Class 20: Balanced Binary Search Trees

Most of the operations that we care about in a binary search tree have \(\mathcal{O(h)}\) complexity. The goal of a balanced binary search tree is to keep \(h = \mathcal{O}(\log{n})\).

I'll start with two approaches for perfectly balancing any BST. Just to be clear my goal is to go from something like this:

To something like this:

Approach 1: Use an array

Pretty simple idea. Put the data into an array, sort it, and make the middle element the root of a new BST (recurse to make the root of the left and right childten).

Trace Task 1: Take the above unbalanced BST. Write down the numbers in order. Sketch the balanced BST which is mild from this middle-root idea.

Complexity Task 2: Given a bad BST what is the worst case complexity of this approach? What happens when you add new elements? How much space/memory does this approach take?

Approach 2: Rotations

This is a neat idea (which is the heart of today's lecture) for shifting the balance of power at a node. We can use a rotation to preserve the Binary Search Tree property but shift (in constant time) some height from the left subtree to the right subtree at a node.

So the image we just analyzed is a right rotation at the node Par. It is basically a swap that preserves the Binary Search Tree Property.

The mechanics of it are that the grandparent will have it's right child point to the child node. The child node will have its right child become the parent node. And the parent will have it's left child become the child's right child.

This next task let us watch a rotation take place.

Visual Task 4: Use Visualgo (embedded or link). Click "AVL" at the top of the screen (more on what that means later). Clear the tree. Insert 10, 5, 30, 20, 35, 1, 15, 25 at high speed. Then slow it down or pause and insert 14. This will let you watch a rotation at node 30.

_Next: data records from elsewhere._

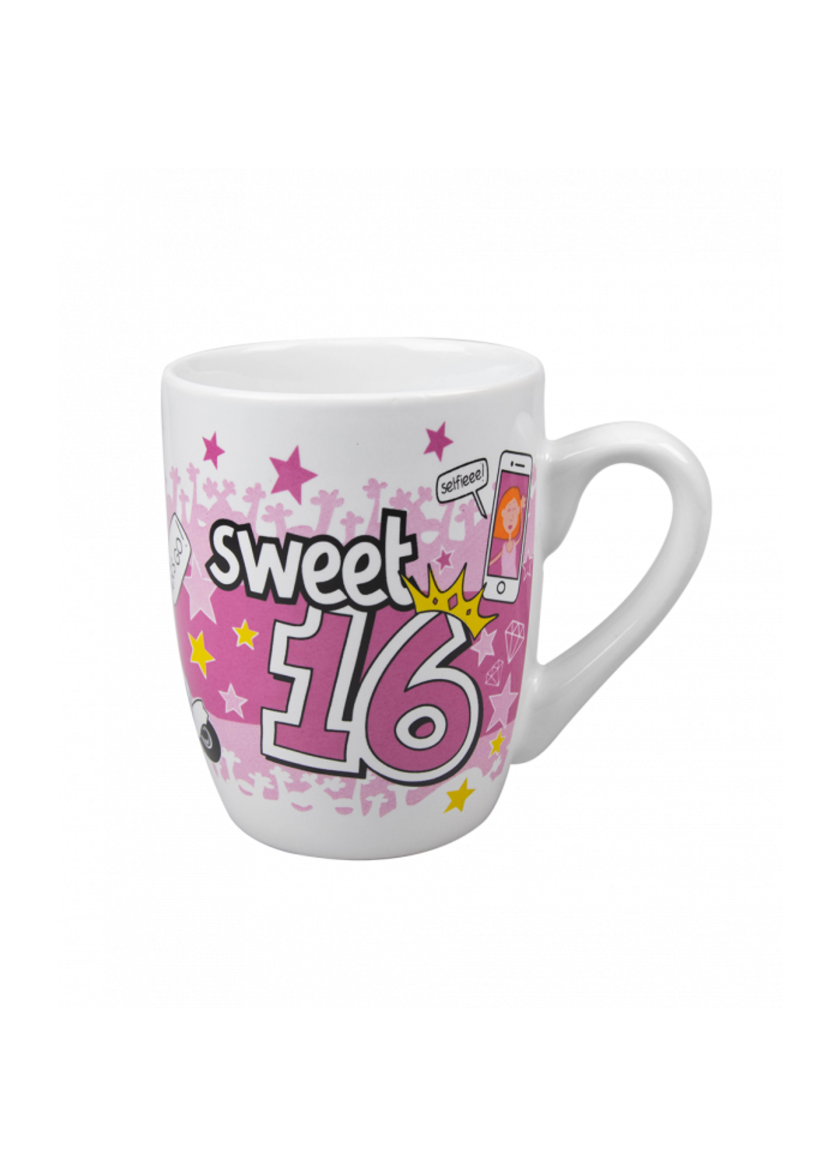Deze mok met grappige tekening en tekst Sweet 16 is gemaakt van keramiek en door de unieke ‘cartoon’ style is deze mok een echte eyecatcher.
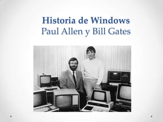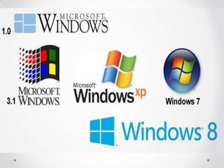 El documento resume la historia de los sistemas operativos Windows de Microsoft desde su primera versión en 1985 hasta Windows 7 de 2009. Destaca versiones clave como Windows 3.0 de 1990, que fue la primera versión popular; Windows NT de 1993, diseñado para servidores; Windows 95 de 1995, que introdujo la arquitectura de 32 bits; y Windows XP de 2001, que unificó las líneas NT y 9x. También menciona sistemas operativos de red como Windows 2000, Windows Server 2003 y Windows Server 2008.
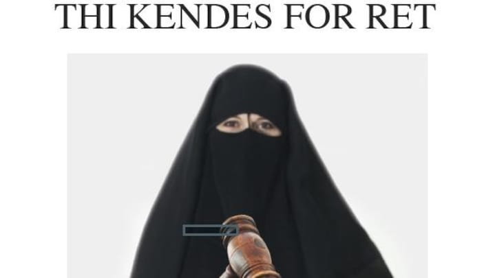 DF bragte en annonce med en dommer i burka med overskriften: "Underkastelse".
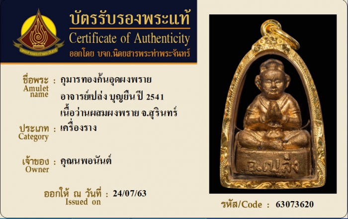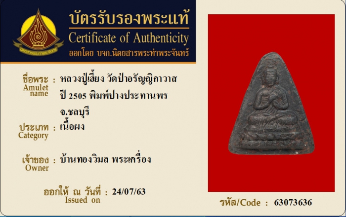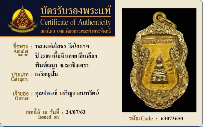 ค้นหาใบการันตีพระแท้
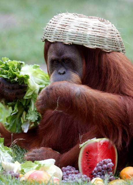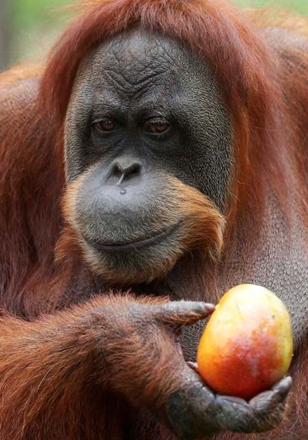 Ανάλογο χριστουγεννιάτικο καλάθι έλαβε και ένας ουρακοτάγκος του ίδιου ζωολογικού κήπου στη Βραζιλία. Το ζώο έδειξε γρήγορα την προτίμησή του στο περιεχόμενο, παρά στη συσκευασία… Ο φωτογράφος βρίσκονταν εκεί και απαθανάτισε το αστείο στιγμιότυπο…
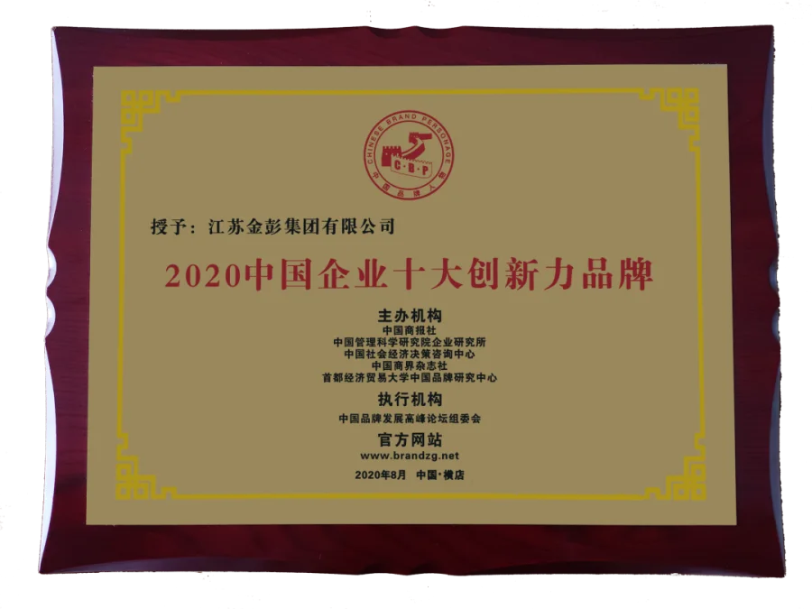 2020年8月27日-29日,由中国商报社、中国管理科学研究院企业研究所、中国社会经济决策咨询中心、中国商界杂志社、首都经济贸易大学中国品牌研究中心共同发起主办的“2020(第四届)中国品牌发展高峰论坛暨中国品牌人物峰会”在浙江横店隆重召开。经过评委会的严格甄选,金彭集团荣获“2020中国企业十大创新力品牌”称号,获此殊荣的还有海尔、安踏等企业。
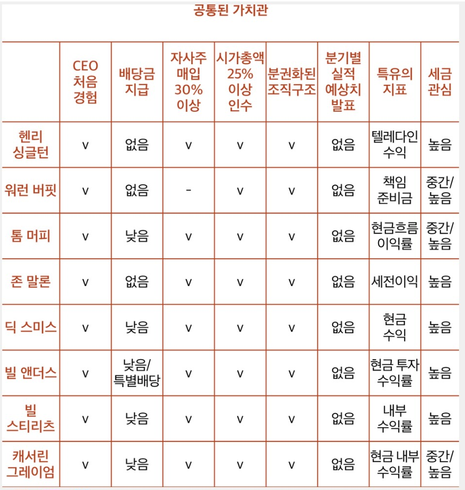 한가지 특기할 부분이 있습니다. 이 여덟 CEO은 따로 떨어진게 아니라 상관관계를 가집니다. 핵심 인물은 워렌 버핏입니다. 그리고 이 패러다임의 원조는 싱글턴입니다. 그의 모델을 배우며 버핏은 벤저민 그레이엄과 결별하고 가치 상승의 마법사로 거듭납니다. 그리고 그의 조언에 따라 톰 머피, 빌 앤더스, 캐서린 그레이엄 등이 자본배분의 철학을 구현하여 업종의 선두를 거머쥡니다.
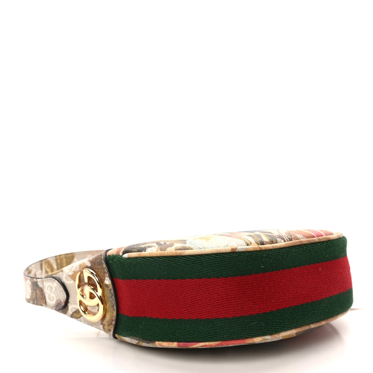 GG Supreme Monogram Water Flora Web Mini Ophidia Half Moon Hobo Beige Blue Multicolor

The DSW balancing algorithm: given an unbalanced BST first make a backbone. Here is how: create a temp pointer to the root. Until you are pointing at null check if there is a left child under your pointer rotate right and move "up" else move to the right child.

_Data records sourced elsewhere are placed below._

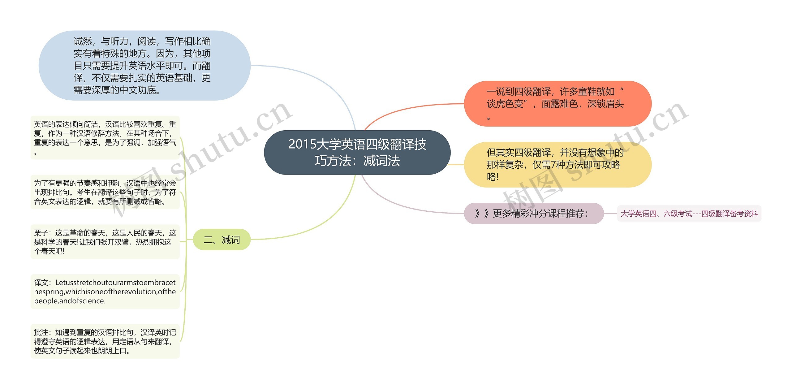 树图思维导图提供《2015大学英语四级翻译技巧方法:减词法》在线思维导图免费制作,点击“编辑”按钮,可对《2015大学英语四级翻译技巧方法:减词法》进行在线思维导图编辑,本思维导图属于思维导图模板主题,文件编号是:735dd249a499e9750e24236bc98a63f5
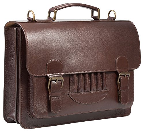 This case is made from a dark conker brown / chestnut brown colour thick saddle leather. The process that was followed in making (tanning) the leather is an ancient technique where vegetable extracts from bark of trees such as oak are used to tan the leather. The bag is constructed using heavy duty synthetic thread. All the materials used are heavy duty industrial grade to ensure this bag lasts a long time. This leather and case will age very well and the more it is used, the better it will look. The leather has a very natural finish and does not have several coats of paint to hide any natural characteristics of the leather which is typical of cheaper leather bags. The leather used in this case shows any natural markings of the skin and this adds to the beauty and uniqueness of each bag - 16" (W) x 12" (H) x 5" (D). Fittings are antique Brass. - The front of the bag opens with two auto snap antique brass buckles to reveal a large open pocket. To the front of this open pocket are six pen holders - The case has two compartments, separated by a zipper pocket divider. The first compartment has a mobile phone pocket, a pen holder and a card holder. The second compartment has ample storage space - The second compartment has a 12 inch side zipper pocket. The bag is lined. There is a removable extandable shoulder strap with an overlay and an expandable laptop pouch. The bag is unlined
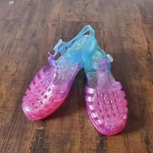Children's Place Girls Jelly Sparkly Ombre Pink, Purple And Blue Sandals Size 4
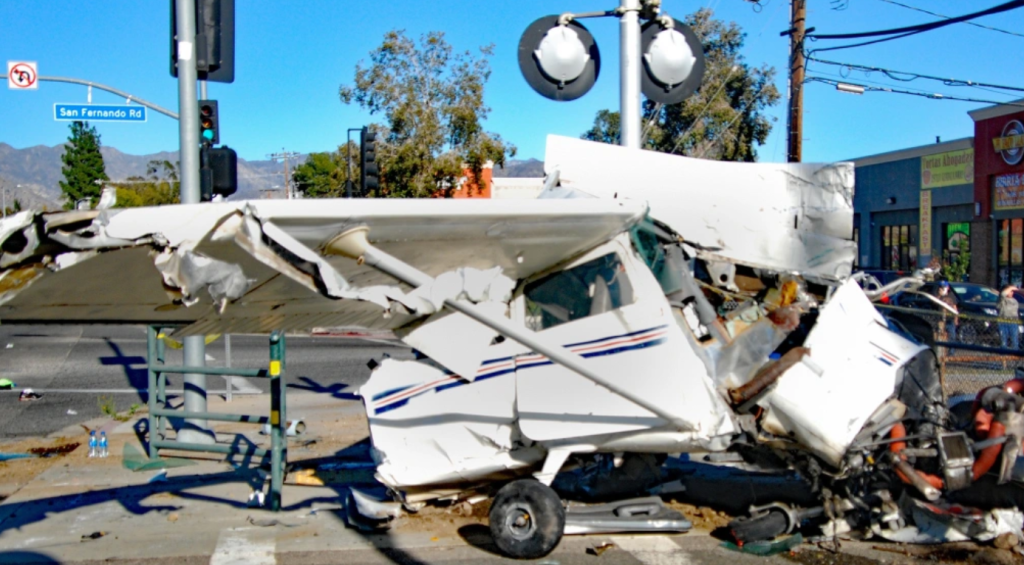 Denne ulykken skjedde i går i forstaden Pacoima utenfor Los Angeles i USA. Den eldre piloten rakk bare å kalle «56 Lima mayday, mayday […] mayday..» og la til «…the railway track«. Like etterpå begynte andre fly og rapportere ulykken.
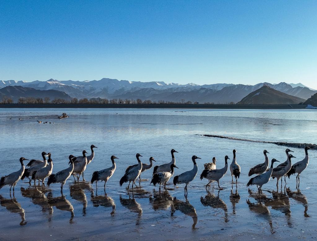 在拉薩市林周縣卡孜水庫拍攝的黑頸鶴(3月1日攝)。新華社記者 孫非 攝
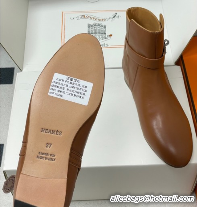 Sophisticated Hermes Neo Flat Ankle Boots in Calfskin Leather with Kelly Buckle Brown 1023181
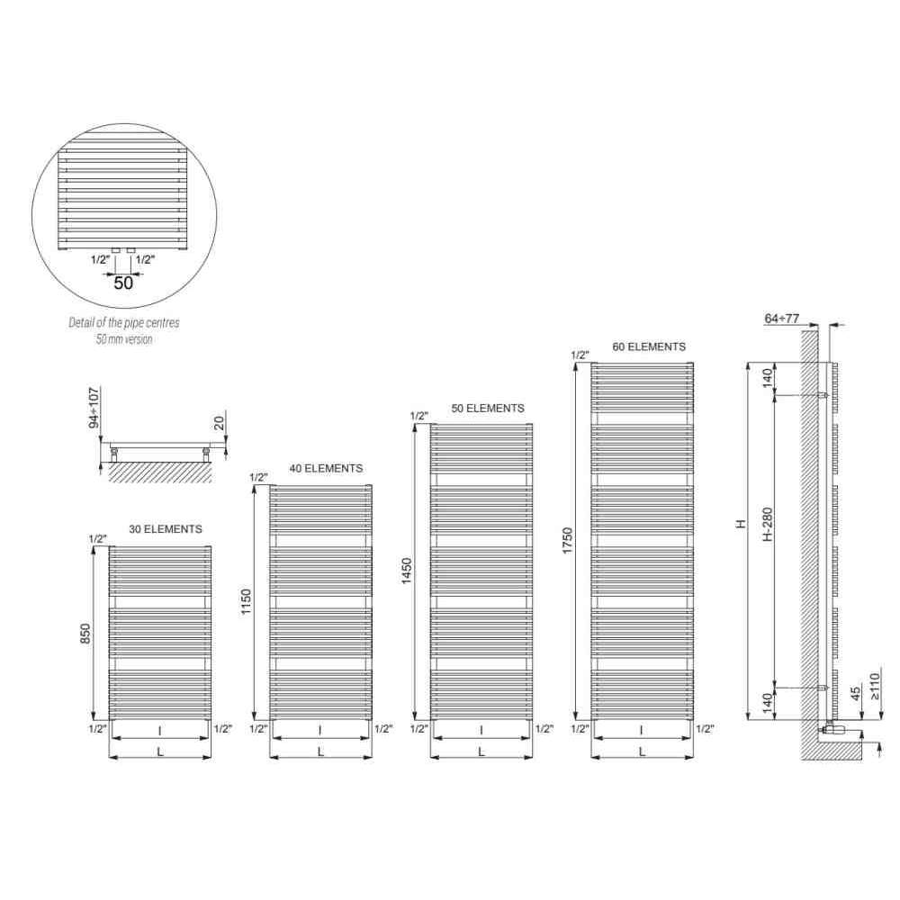 • Poziome elementy grzejne z lakierowanej stali miękkiej 15x20 mm.

Trace Task 5: At which nodes (and in what order) were there right rotations to create this backbone?

Now we can walk down the backbone making left rotations at every other node (stopping and restarting when the math tells us to) and we'll have a perfect binary search tree.

The official rule is to figure out how many "extra elements" beyond perfect you'll have and do that many to start. Then do one for each layer of your perfect tree and half the number each iteration.

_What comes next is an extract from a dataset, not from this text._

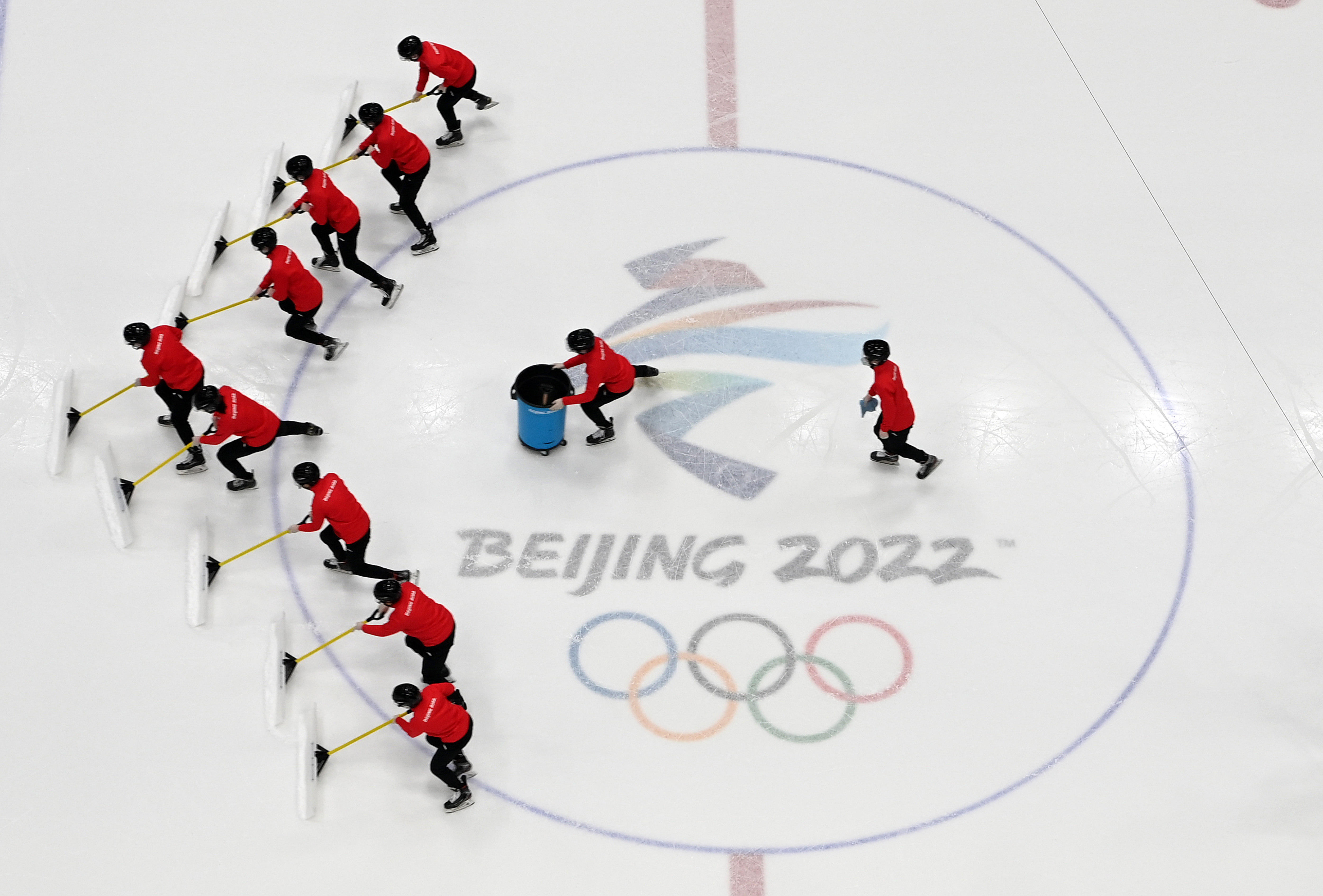 新华社照片,北京,2022年2月19日 (新华全媒头条·图文互动)(3)钟华论:中国携手世界 向着春天出发——写在北京第二十四届冬季奥林匹克运动会闭幕之际 2月15日,志愿者在冰球比赛间隙清理冰面。 (配本社同题文字稿) 新华社记者 李安 摄

Here is my impementation of rotate_right, it is a method called on a node, and it returns its replacement.

Coding Warm-Up Task 6: Implement rotate_left()

Backbone Task 7: Now Implement a make_backbone() method on a node which uses right rotation to flatten the tree (return the replacement node).

AVL Trees

Many of our data structures are property-based. That is, we take a normal construct like an array or linked-list then toss in a defining characteristic that we want. That constraint dictates how we do the standard actions (insert, remove, find).

An AVL tree is no different, the magic property to work with is: the height of the left and right subtree cannot differ by more than 1.

To see that this property is enough to give us a balanced BST think about the following:

The fewest number of nodes that a height \(h\) AVL tree can have (\(n_h\)) is at least \(n_{h-1} + n_{h-2} + 1\). (By the way this is also called the Leonardo sequence.)

Conceptual Task 8: How fast does the fibonacci sequence grow asymptotically? Is the size of \(n_h\) larger or smaller than the \(h\)th Fibonacci number?

So just like the other property-preserving data structures an AVL tree needs to have a special insert and a special remove to maintain its nearly equal height child policy.

In our case we can do the normal BST insertion/removal followed by a rebalancing at any place which has a 2 or -2 (it can't be worse than that).

For rebalancing there are four cases to deal with (conceptually two) I lean left and my child leans left (LL), I lean left and my child leans rigth (LR). (The other two are RR, RL.)